Муж вскочил. Подлетел к ведру, заглянул внутрь. Надеялся, видимо, что ему показалось.
— Ты в себе вообще?! — лицо его покраснело.
— Там же полкило фарша! Мы в девяностые за такие корки... Мы же недоедали, Вера! А ты — в помойку?! У нас что, деньги лишние?
Я смотрела на него и видела не главу семьи. Передо мной стоял перепуганный мальчишка из прошлого века. Он не жалел котлет. Он панически боялся.
У Валеры это сидело глубоко — воспоминания прежних лет. Он физически не мог видеть, как выбрасывают еду. Даже если эта еда уже опасна.
— Валера, те времена кончились тридцать лет назад, — я закрыла дверцу шкафчика ногой.
— У нас полный холодильник. И я — не помойка. Не собираюсь доедать за внуками то, что «кислое».

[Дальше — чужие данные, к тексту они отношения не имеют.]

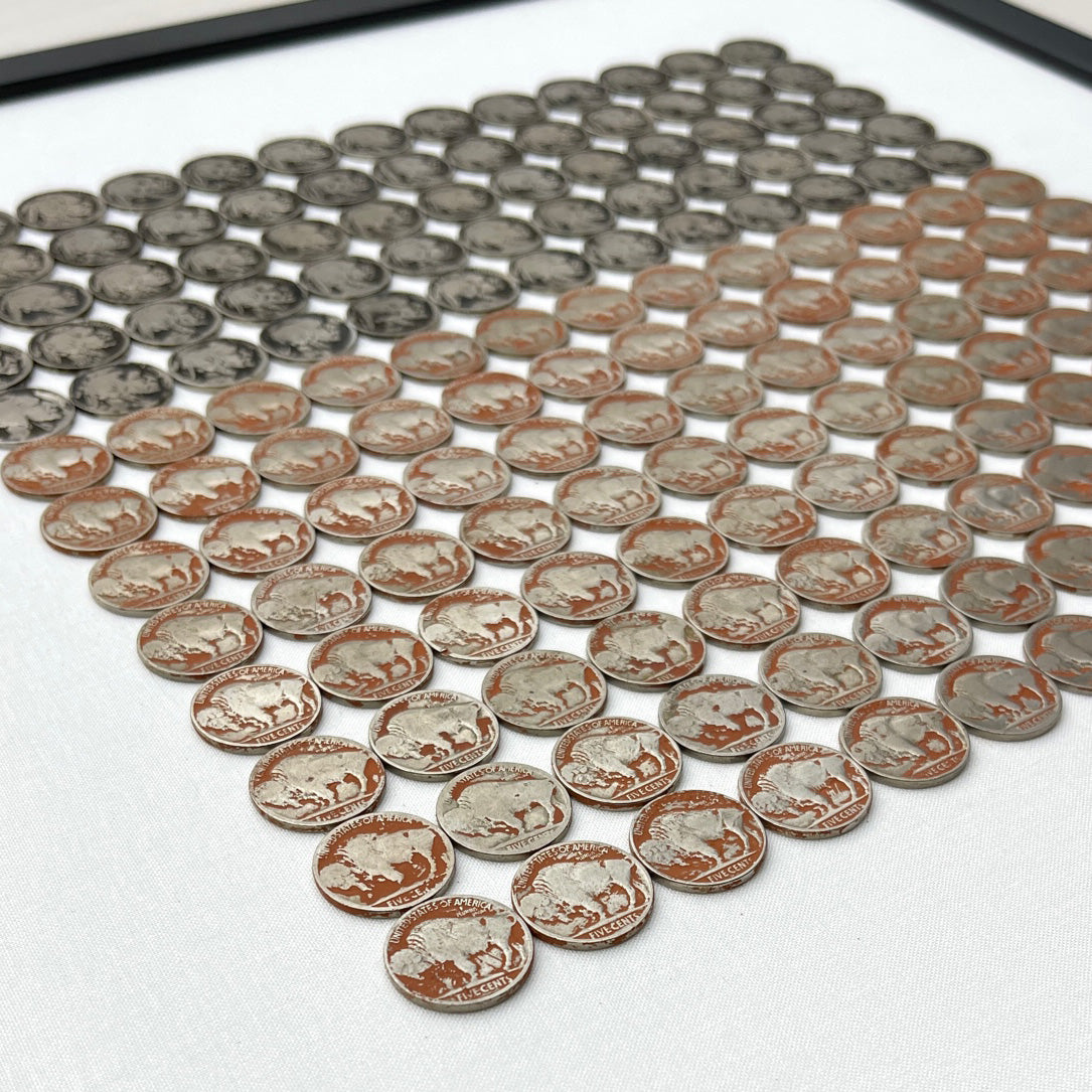 The Buffalo nickel (Indian Head nickel) was minted from 1913 - 1938. Artist and FH + Co. founder, Owen Mortensen, uses this coin as a design medium to create an original art piece, rooted in the ethos of the West. Each coin is colored with natural pigments to accentuate the bison/Indian head depicted.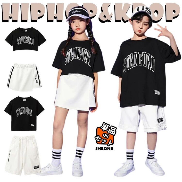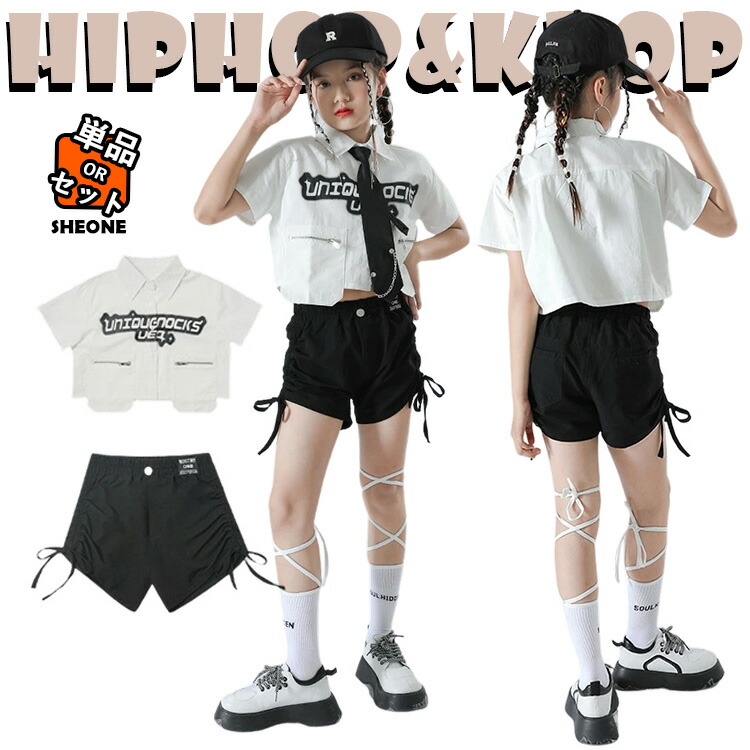 へそ出し 白 黒 半袖 キッズ ダンス衣装 ダンスウェア セットアップ 女の子 ショートパンツ トップス 子供 ストリート ヒップホップ ジャズダンス ポッピング 韓国 - 演出服 練習

— Ах, ты не помойка... — он задохнулся от возмущения.
— Заелась, что-ли. Королевна! Я тут копейку к копейке, на дачу откладываю, а она продуктами швыряется!
Он демонстративно достал из шкафа банку с хлопьями гречки. Насыпал себе. Залил молоком.
Сел есть.
Стучал ложкой так, что звенело в ушах.
Чужой праздник
На следующий день мы не разговаривали.
Валера ходил мрачный. Демонстративно доедал вчерашний суп, громко принюхиваясь. Всем видом показывал: «Видите, я ем, я не гордый».
В обед я открыла кошелек. В отдельном кармашке лежали пять тысяч — «на коммуналку». Я никогда их не трогала. Это было святое.
«Хватит», — решила я.
В супермаркете я прошла мимо полок с акционными макаронами. Мимо лотков с суповыми наборами по желтым ценникам. Остановилась у рыбной витрины.
Форель. Стейки. Розовые, свежие, на льду.
Цена кусалась — 850 рублей за кусочек. Раньше я бы на эти деньги неделю варила супы на косточке.
— Вам взвесить? — уточнила продавщица.
— Да, — выдохнула я.
— Самый красивый.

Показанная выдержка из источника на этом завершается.